| What is needed |
Set down every entry again word for word, please, but skip the pictures.

╭─ Source records

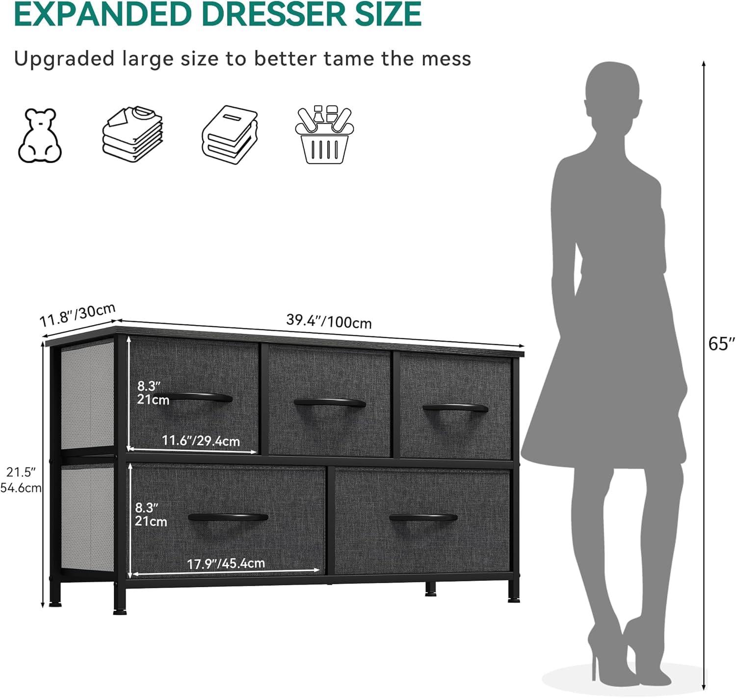 LARGE CAPACITY- 5 drawers in different sizes provide multiple storage options and ample room to make your living space neat and tidy; Overall dimensions: 39.4″ L x 11.8″ W x 21.5″ H, Drawer dimensions: 17.9″ L x 11.2″ W x 8.5″ H / 11.6″ L x 11.2″ W x 8.5″ H
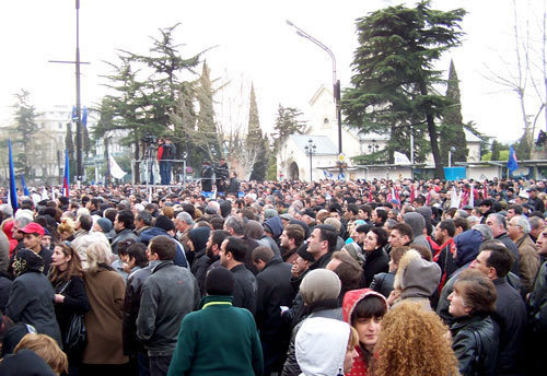 Бывший спикер парламента Нино Бурджанадзе, открывая митинг, сказала: "Сегодня, в день Вербного воскресенья, мы не планировали проведение акции и собирались возобновить ее в понедельник". "Но из-за того, что минувшей ночью группа вооруженных дубинками лиц в гражданской одежде ворвалась на площадь перед парламентом и разбила часть аппаратуры и сцены, мы решили возобновить митинг сегодня", - подчеркнула она.
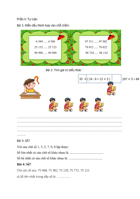 Bài 1: Điền dấu thích hợp vào chỗ chấm 4 589 . . . 4 598 97 511 . . . 97 982 25 132 . . . 25 123 78 012 . . . 78 022 99 998 . . . 99 999 98 754 . . . 98 154
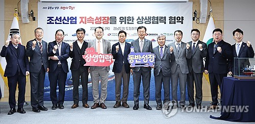 (창원=연합뉴스) 이정훈 기자 = 경남도 등 12개 기업과 기관은 6일 도청에서 조선산업 지속성장을 위한 상생협력 업무협약을 했다.
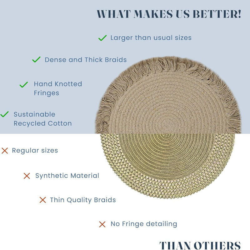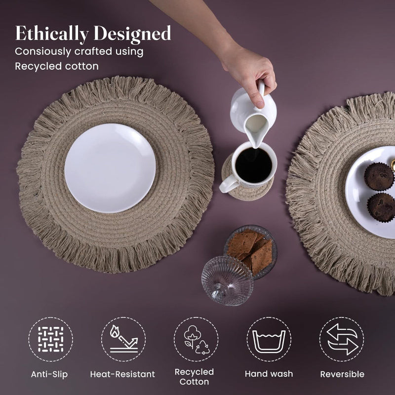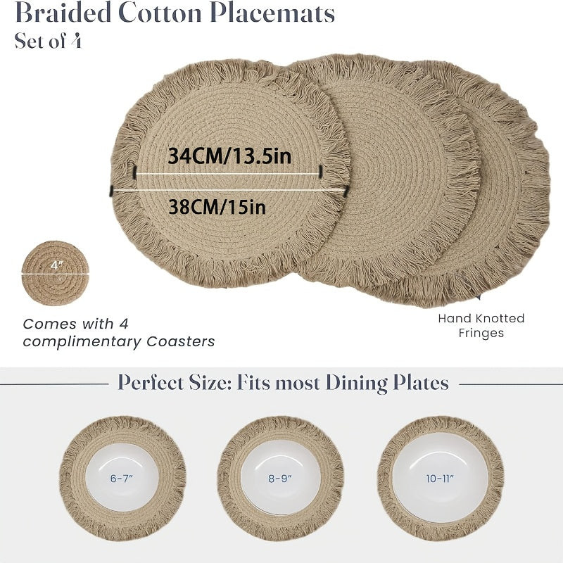 • Dimensiuni ideale: Suporturile sunt de dimensiuni ideale pentru a se potrivi confortabil sub orice farfurie și pentru a proteja masa de murdărie și pete.

╰─

| Task output |
 LARGE CAPACITY- 5 drawers in different sizes provide multiple storage options and ample room to make your living space neat and tidy; Overall dimensions: 39.4″ L x 11.8″ W x 21.5″ H, Drawer dimensions: 17.9″ L x 11.2″ W x 8.5″ H / 11.6″ L x 11.2″ W x 8.5″ H
 Бывший спикер парламента Нино Бурджанадзе, открывая митинг, сказала: "Сегодня, в день Вербного воскресенья, мы не планировали проведение акции и собирались возобновить ее в понедельник". "Но из-за того, что минувшей ночью группа вооруженных дубинками лиц в гражданской одежде ворвалась на площадь перед парламентом и разбила часть аппаратуры и сцены, мы решили возобновить митинг сегодня", - подчеркнула она.
 Bài 1: Điền dấu thích hợp vào chỗ chấm 4 589 . . . 4 598 97 511 . . . 97 982 25 132 . . . 25 123 78 012 . . . 78 022 99 998 . . . 99 999 98 754 . . . 98 154
 (창원=연합뉴스) 이정훈 기자 = 경남도 등 12개 기업과 기관은 6일 도청에서 조선산업 지속성장을 위한 상생협력 업무협약을 했다.
 • Dimensiuni ideale: Suporturile sunt de dimensiuni ideale pentru a se potrivi confortabil sub orice farfurie și pentru a proteja masa de murdărie și pete.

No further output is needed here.